Rav Ovadya Yosef’s view is a minority view and many halachic authorities did not agree with him. Are we really going to release Palestinian terrorists with blood on their hands who will return to their murderous ways when released? Perhaps now when we are releasing Palestinian youths who are serving time in Israeli jail for relatively minor offenses in order to secure the release of the elderly, the women and the children at a rate of three Palestinians for one Israeli, we can tolerate the risk of future danger in exchange for the reward of returning our hostages to their families. But the price to release Israeli men and certainly Israeli soldiers will be far greater. Will we pay the price and should we pay the price?

 

This is where I find a difference between studying this issue in a beit midrash and experiencing this issue face to face with actual people, in this case with families of the hostages.
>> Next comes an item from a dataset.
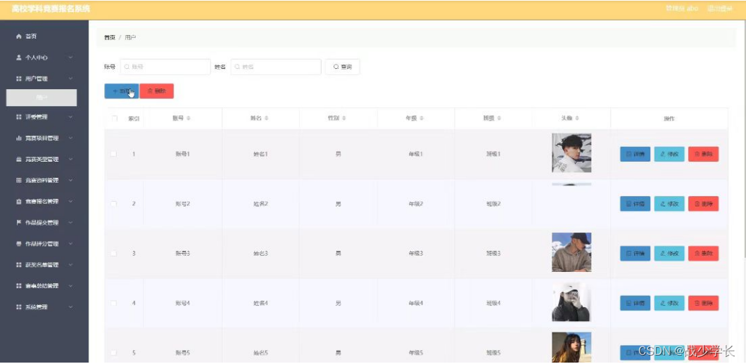 用户管理,在用户管理页面可以对索引,账号,姓名,性别,年级,班级,头像等内容进行详情,修改和删除等操作,如图5-8所示。

If we believe that freeing numerous Palestinian terrorists from Israeli prisons for every hostage released, we will end up losing more Israeli lives because these terrorists will resume their acts of terror once they are freed, then we should not make these kinds of deals with Hamas and I would not be sympathetic to Rav Ovadya Yosef’s halachic position. However, after visiting the families of the hostages and seeing firsthand the amazing volunteer efforts of the “Bring Them Home Now” campaign and how freeing every last Jew in captivity is drilled into the DNA of the citizenry of our Jewish state, I am much more sympathetic to this position. Much of the nation feels paralyzed while its citizens are in captivity. 

 

What does this mean in practice? Does it mean that Israel should secure a deal allowing Hamas to remain in power in Gaza in exchange for the release of all hostages? I think this is also a position that Israel cannot countenance because after the October 7th massacre, the consensus among Israelis is that Hamas in power in Gaza presents an imminent threat to the communities in southern Israel. But Israel may have to “overpay” to free their hostages by freeing terrorists with blood on their hands which will increase the risk of harm to Israeli citizens in the future. That is a sickening prospect. There are no good answers. At the very least, though, before we opine on what Israel needs to do, we must not remain in the beit midrash. We must meet the families of the hostages face-to-face and understand the psyche of a large proportion of the citizens of this country. Hopefully, as we all struggle with this national nightmare in which we find ourselves, let us remind ourselves of one thing. Our love for every Jew who is kidnapped and taken hostage may be our greatest weakness, but it is also our greatest strength.